Botany graduate student Robin O’Quinn is interested in characterizing the morphological diversity of the plant species Claytonia sibirica. C. sibirica has a wide range, extending as far north as the Commander Islands, off the coast of Siberia. But in parts of its range, populations show differences. The great botanist Asa Gray, who classified many of the plants in the Pacific Northwest, identified a peculiar member of the group in the Klamath region of southern Oregon, naming it Claytonia bulbifera. But 10 years later, he demoted the plant to a variety of Claytonia sibirica.

O’Quinn was intrigued by this bulb-forming variety that grows on drier hillsides and sunnier sites. Part of her comparison of the bulbous and non-bulbous forms involves characterizing the morphology, or basic shape, of the developing leaves. Is it, she asked, something that can be characterized early in its development, or does the difference develop later on? Such analysis helps clarify the classification of a plant.

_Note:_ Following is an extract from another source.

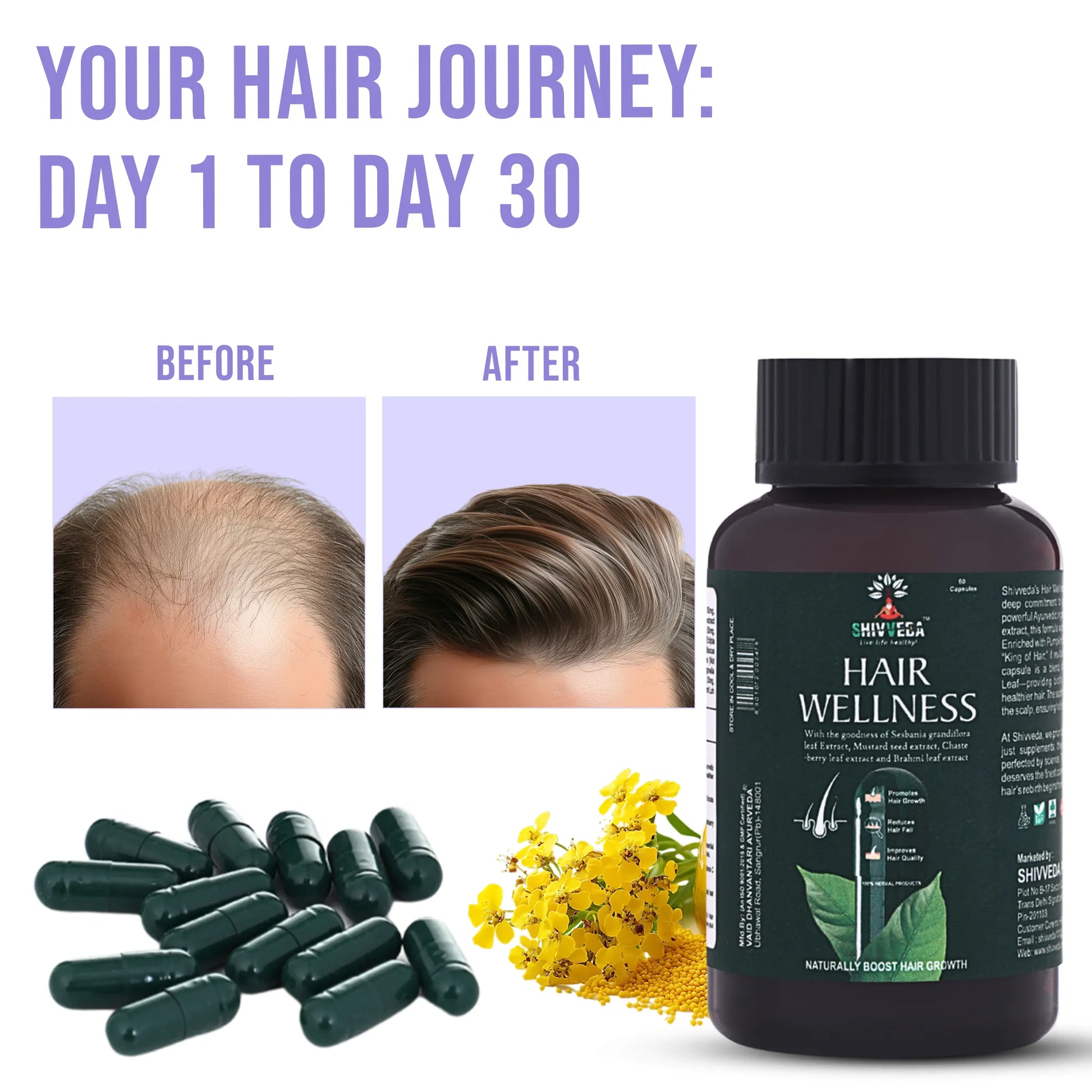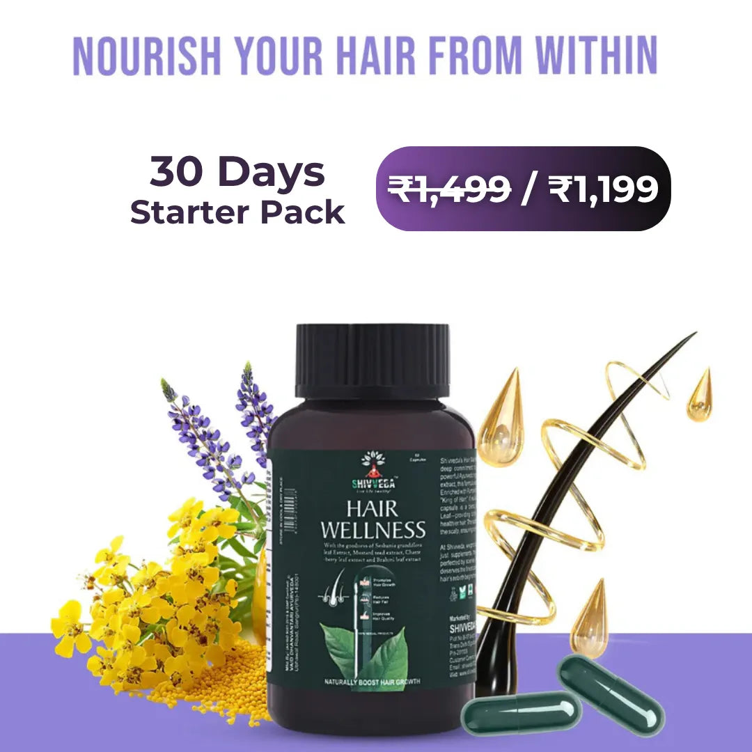 If you're struggling with hair fall, thinning hair, or dullness, Shivveda Hair Wellness is the solution you've been waiting for. This natural hair growth & Care supplement is a mixture of potent blend of Ayurvedic herbs that not only promote stronger, healthier hair, but also nourish the scalp from within.

O’Quinn took this electron-microscope photograph as part of a class that the Electron Microscopy Center offers every semester. According to the center’s Valerie Lynch-Holm, students are taught the basics of scanning electron microscopy and then “turned loose.”

O’Quinn says she could never have accomplished what she has in her research without the class. “What I take with me as a researcher, having had free use of that equipment, is phenomenal.”

The photomicrographs that she actually used in her analysis were shot from more prosaic angles for comparison. The image above was purely aesthetic, she says. “I’m pretty helpless when it comes to beautiful things and a really cool camera.”

O’Quinn hopes that clarifying the varietal status of Claytonia sibirica var. bulbillifera in southern Oregon will “give policy makers and conservationists more incentive for protecting regions of that area. It’s very, very special.”